Last week, sexual humor executed brilliantly.

Probably should've found a photo with a couple of adult women in it, but still.

This week, welcome to its counterpoint.

Sometimes, Thursday creeps up on McFarlane Media with no viable, topical advertising issue that serves as an interesting departure point for a blog post.

And other times, Quizno’s steps up to the plate with a campaign so devoid of nuance, originality, or cleverness that the Thursday post can write itself. Witness the sandwich maker’s latest contribution to American culture, “2 Girls 1 Sub”. (Don’t let the “NSFW” in the URL throw you.

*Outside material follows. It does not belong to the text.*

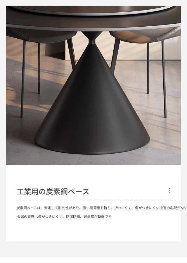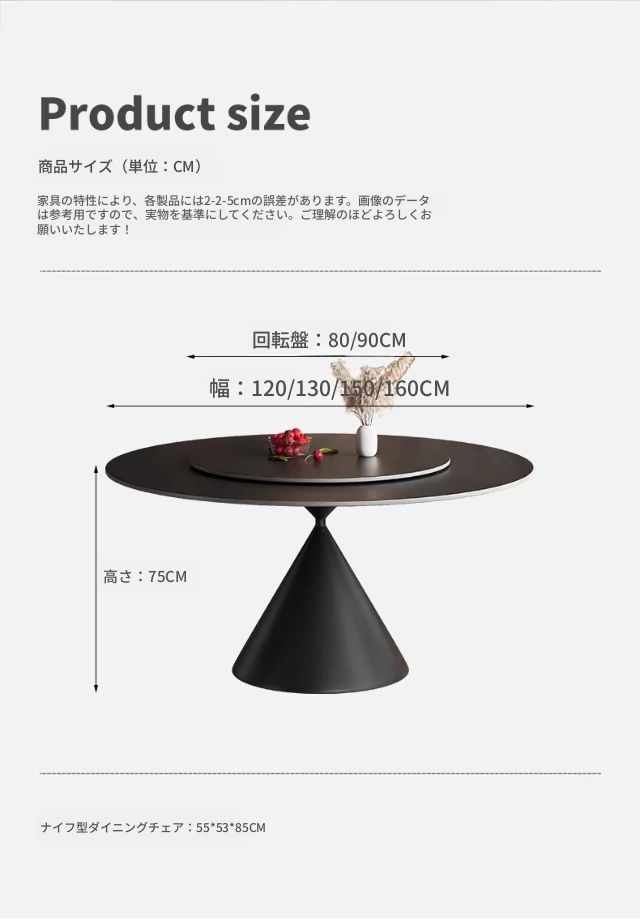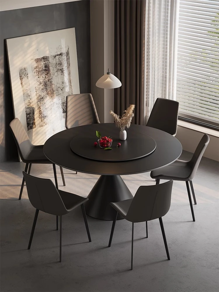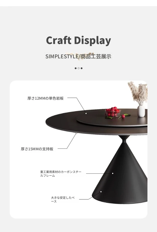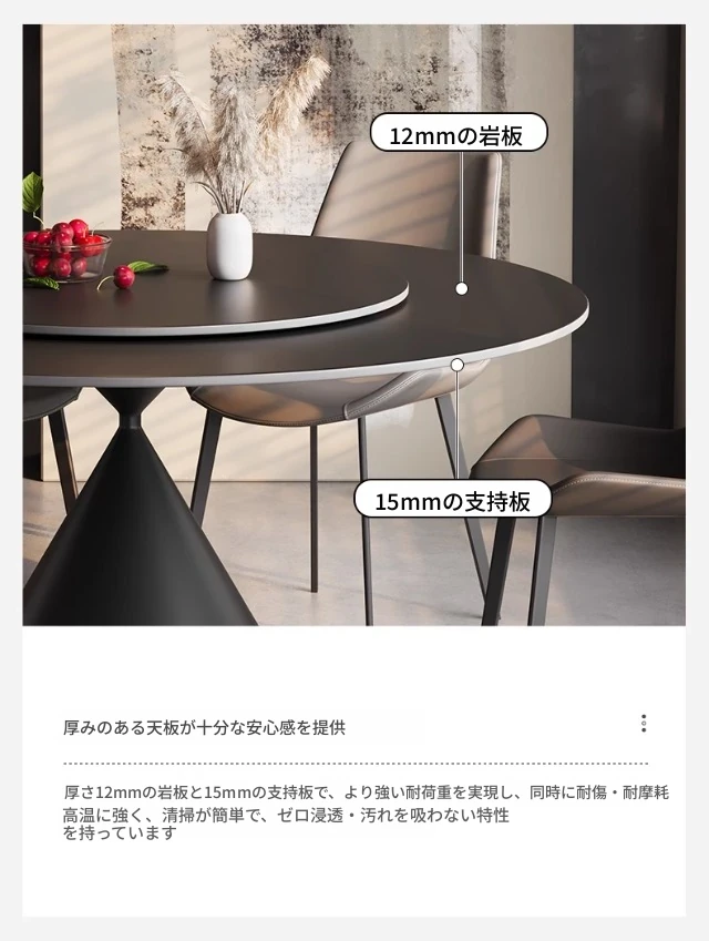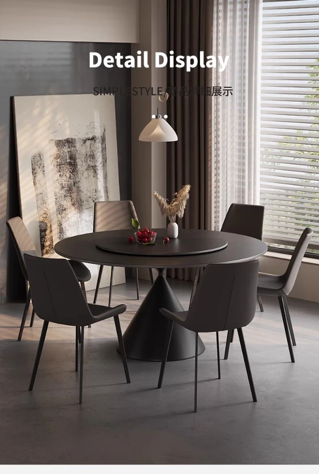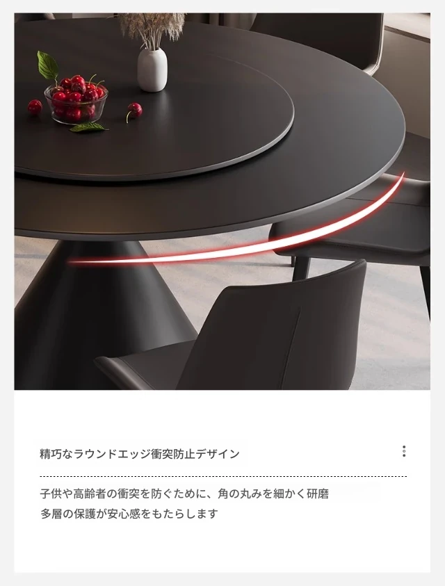 軽やかなラグジュアリー!円形の岩板ダイニングテーブル&チェアセット、モダンでシンプルなイタリアンデザイン。回転プレート付き、小さなお部屋でも使える理想的な食卓です。

It’s only NSFW if you work in a kindergarten classroom or a church rectory.)

For those of you who don’t trudge the internet’s shady recesses, “2 Girls 1 Sub” pays homage to “2 Girls 1 Cup”, a notoriously graphic meme. You don’t need to know every detail of the backstory, but “2 Girls 1 Cup” is a minute-long clip that starts off as standard lesbian porn, then takes an abrupt scatological turn around the :10 mark. And another one at the :19 mark. And another one, involving a different orifice that even a seasoned porn viewer would never have predicted, at the :38 mark.

“2 Girls 1 Cup” inspired a secondary meme that ended up outshining its parent, as hundreds of people posted G-rated videos of the horrified reactions of unsuspecting viewers watching “2 Girls 1 Cup” for the first time. Typical comments included “I can never have sex again”, “My eyes, my eyes!” and “That’s got to be chocolate soft-serve ice cream, right?”

Quizno has pilfered adopted the concept and produced a video with directorial help from Playboy, an entity that was apparently iconoclastic and hip during the Eisenhower administration. (They published a magazine that had nekkid wimmens in it!) Between them, Quizno’s and Playboy extracted all the excretory parts, found a couple of better-looking chicks, located “Toasty Torpedo” on the call sheet and rolled tape.

“2 Girls 1 Cup” was recorded 2 years ago and went viral last year, making it prehistoric by the measure of modern attention spans. Which is harder – staying classy, or staying current? Here’s an idea, gratis from a real copywriting firm: how about putting dancing hamsters in the next spot? Or incorporating Sean Connery saying, “You’re the man now, dog”?

Ad agencies call the conceptual side of the business the “creative” department, not the “rehashing” department. Regardless of its artistic merit, the very existence (and popularity) of “2 Girls 1 Cup” renders it unusable as a basis for any legitimate ad campaign.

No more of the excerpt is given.